> DESCRIPTION OF THE TASK
Omit every picture. Return all other data as it stands.

> SOURCE MATERIAL
BEGIN

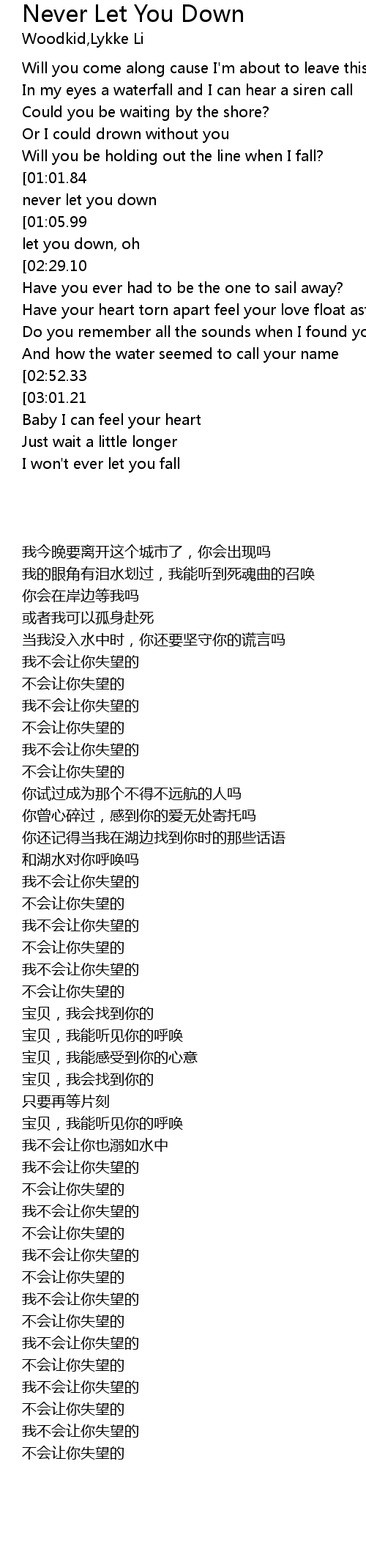 | [01:21.97][02:29.10][04:00.64][04:16.83] | Never let you down |
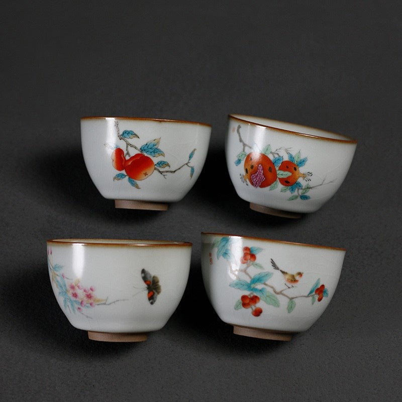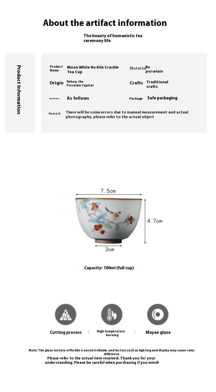 Color: Moon White Ru device incense Cup-spring and autumn solid, Moon White Ru device incense Cup-all excellent cup, Moon White Ru device incense Cup-duozi Duofu, Moon White Ru device incense Cup-autumn night listening to rain, moon White Ru tea cup-skimming Cup-pomegranate, Moon White Ru tea cup-skimming Cup-Persimmon
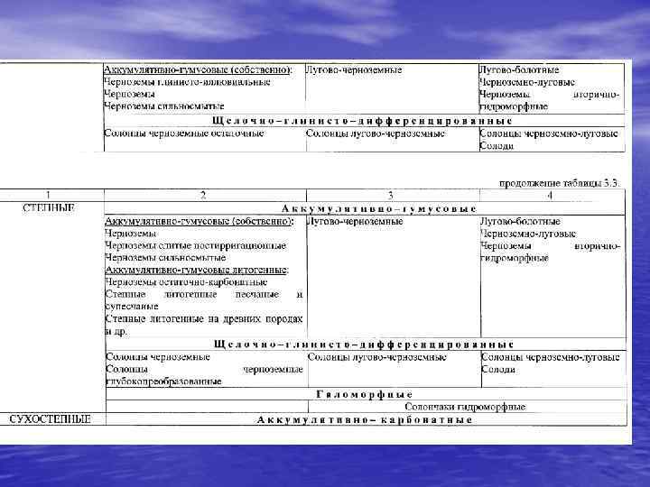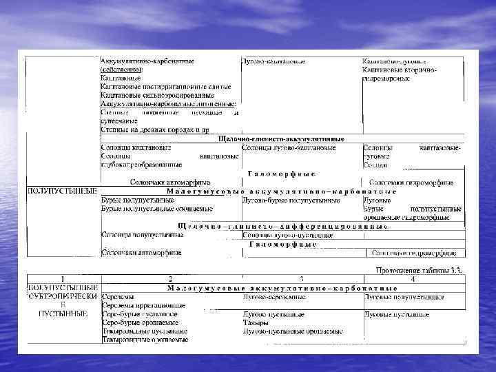 Агроэкологические группы и подгруппы земель средне-русской провинции таежно-лесной зоны 1. 0. Зональные (плакорные) дренированные равнины с автоморфными почвами. Кр<0, 2; П 1 д П 2 д П 3 д ПДог<10%, ПДЭ<10% 2. 0. Эрозионные 2. 1. Слаборасчлененые Кр 0, 2 -0, 5; П 1 д ПДог<10%, ПДЭ 10 -20%. 2. 2. Среднерасчлененные Кр 0, 5 -1; Пд, ПД, ог, г 10 -20%, ПДЭ 20 -50% 2. 3. Сильнорасчлененные Кр 1 -2; Пд, ПД, ог, г 20 -30%, ПДЭ>50% 2. 4. Оченьсильнорасчлененные Кр 2, 0 -3, 0; ПДН, ПД, ог, г ПДЭ>30%. 2. 5. Чрезвычайнорасчлененные Кр>3, 0 3. 0. Полугидроморфно-зональные (слабодренированные равнины) 3. 1. Слабополугидроморфнозональные П 1 д ПДог<50%, Пб. Дг<10% 3. 2. Среднеполугидроморфнозональные П 1 д ПДог<50%, Пб. Дг 10 -20% 3. 3. Сильнополугидроморфнозональные П 1 д ПДог, г, Г<50%, в том числе ПДг, Г >20% 4. 0. Полугидроморфно-эрозионные 5. 0. Полугидроморфные 6. 0. Гидроморфные

END

> REPLY TO THE TASK
 | [01:21.97][02:29.10][04:00.64][04:16.83] | Never let you down |
 Color: Moon White Ru device incense Cup-spring and autumn solid, Moon White Ru device incense Cup-all excellent cup, Moon White Ru device incense Cup-duozi Duofu, Moon White Ru device incense Cup-autumn night listening to rain, moon White Ru tea cup-skimming Cup-pomegranate, Moon White Ru tea cup-skimming Cup-Persimmon
 Агроэкологические группы и подгруппы земель средне-русской провинции таежно-лесной зоны 1. 0. Зональные (плакорные) дренированные равнины с автоморфными почвами. Кр<0, 2; П 1 д П 2 д П 3 д ПДог<10%, ПДЭ<10% 2. 0. Эрозионные 2. 1. Слаборасчлененые Кр 0, 2 -0, 5; П 1 д ПДог<10%, ПДЭ 10 -20%. 2. 2. Среднерасчлененные Кр 0, 5 -1; Пд, ПД, ог, г 10 -20%, ПДЭ 20 -50% 2. 3. Сильнорасчлененные Кр 1 -2; Пд, ПД, ог, г 20 -30%, ПДЭ>50% 2. 4. Оченьсильнорасчлененные Кр 2, 0 -3, 0; ПДН, ПД, ог, г ПДЭ>30%. 2. 5. Чрезвычайнорасчлененные Кр>3, 0 3. 0. Полугидроморфно-зональные (слабодренированные равнины) 3. 1. Слабополугидроморфнозональные П 1 д ПДог<50%, Пб. Дг<10% 3. 2. Среднеполугидроморфнозональные П 1 д ПДог<50%, Пб. Дг 10 -20% 3. 3. Сильнополугидроморфнозональные П 1 д ПДог, г, Г<50%, в том числе ПДг, Г >20% 4. 0. Полугидроморфно-эрозионные 5. 0. Полугидроморфные 6. 0. Гидроморфные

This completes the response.